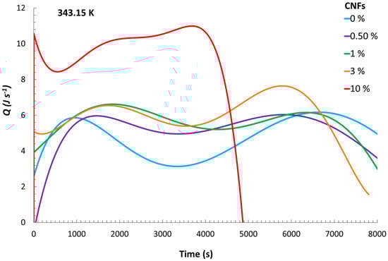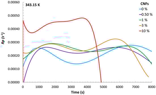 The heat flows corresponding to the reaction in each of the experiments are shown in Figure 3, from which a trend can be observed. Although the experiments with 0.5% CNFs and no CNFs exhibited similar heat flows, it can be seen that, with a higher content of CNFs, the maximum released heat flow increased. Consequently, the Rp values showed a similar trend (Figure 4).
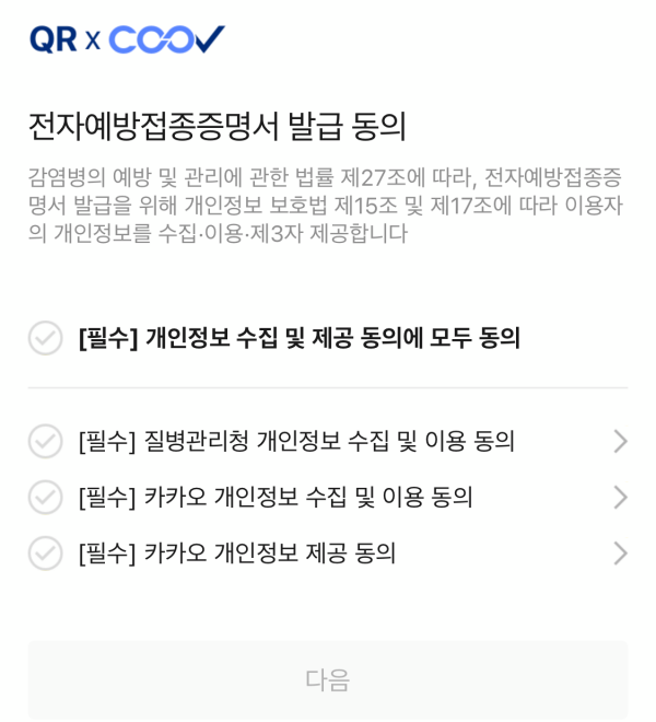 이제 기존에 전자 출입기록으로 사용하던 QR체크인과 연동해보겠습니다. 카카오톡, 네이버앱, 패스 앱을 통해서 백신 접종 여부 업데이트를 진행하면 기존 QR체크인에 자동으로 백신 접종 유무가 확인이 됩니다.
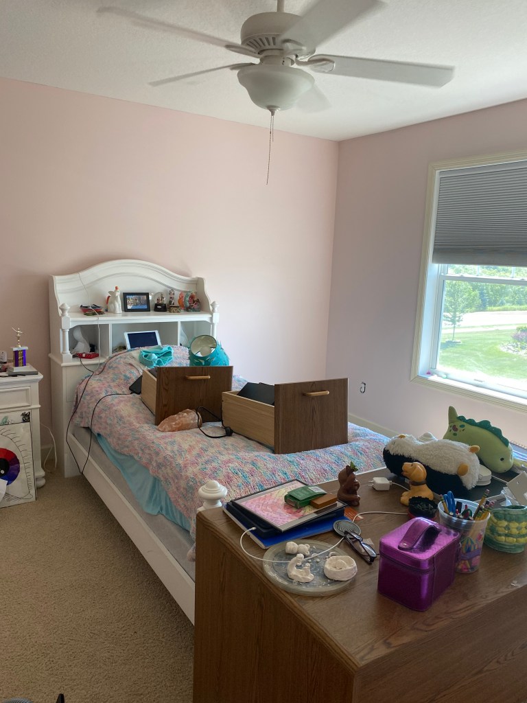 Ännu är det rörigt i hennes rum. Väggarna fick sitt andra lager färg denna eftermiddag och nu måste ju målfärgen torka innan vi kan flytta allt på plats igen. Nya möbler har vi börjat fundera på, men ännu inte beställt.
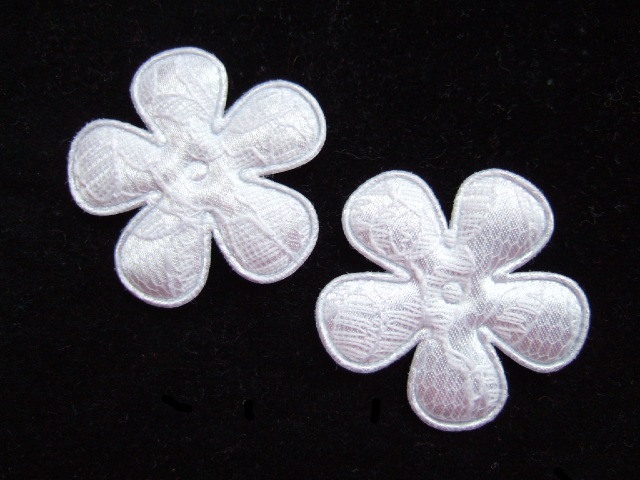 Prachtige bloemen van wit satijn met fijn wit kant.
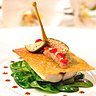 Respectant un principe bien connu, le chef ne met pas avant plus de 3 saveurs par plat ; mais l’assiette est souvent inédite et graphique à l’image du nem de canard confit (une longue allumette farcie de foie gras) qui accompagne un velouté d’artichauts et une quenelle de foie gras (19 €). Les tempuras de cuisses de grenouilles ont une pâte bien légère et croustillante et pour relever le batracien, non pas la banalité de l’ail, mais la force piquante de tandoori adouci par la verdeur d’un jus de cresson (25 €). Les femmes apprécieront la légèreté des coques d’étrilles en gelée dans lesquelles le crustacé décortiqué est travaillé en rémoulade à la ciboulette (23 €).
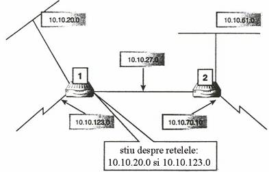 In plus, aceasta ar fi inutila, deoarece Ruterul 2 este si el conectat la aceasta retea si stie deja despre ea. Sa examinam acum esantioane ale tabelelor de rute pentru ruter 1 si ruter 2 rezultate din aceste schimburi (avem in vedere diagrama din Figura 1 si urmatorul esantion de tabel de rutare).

ACTIVITY —
Look above and copy only the lines from the one holding "이제 기존에 전자 출입기록으로" to the one holding "Prachtige bloemen van", both included, exactly, minus the pictures.

SOLUTION FOR THIS TASK —
 이제 기존에 전자 출입기록으로 사용하던 QR체크인과 연동해보겠습니다. 카카오톡, 네이버앱, 패스 앱을 통해서 백신 접종 여부 업데이트를 진행하면 기존 QR체크인에 자동으로 백신 접종 유무가 확인이 됩니다.
 Ännu är det rörigt i hennes rum. Väggarna fick sitt andra lager färg denna eftermiddag och nu måste ju målfärgen torka innan vi kan flytta allt på plats igen. Nya möbler har vi börjat fundera på, men ännu inte beställt.
 Prachtige bloemen van wit satijn met fijn wit kant.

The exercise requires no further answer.